*** Block opens ***
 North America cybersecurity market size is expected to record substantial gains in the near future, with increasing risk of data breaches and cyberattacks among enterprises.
*** Block closes ***
*** Block opens ***
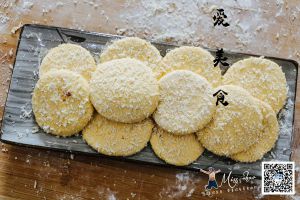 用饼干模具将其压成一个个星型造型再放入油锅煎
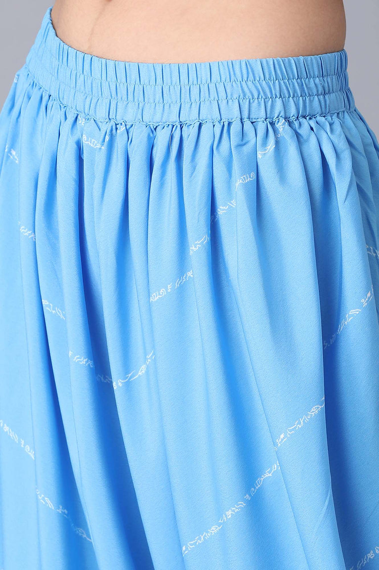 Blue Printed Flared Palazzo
*** Block closes ***
* PROBLEM REQUIREMENTS *
The material above holds pictures; leave them out and set down exactly the lines from the line with "用饼干模具将其压成一个个星型造型再放入油锅煎" to the line with "Blue Printed Flared Palazzo", both included.

* RESULT FOR THIS EXERCISE *
 用饼干模具将其压成一个个星型造型再放入油锅煎
 Blue Printed Flared Palazzo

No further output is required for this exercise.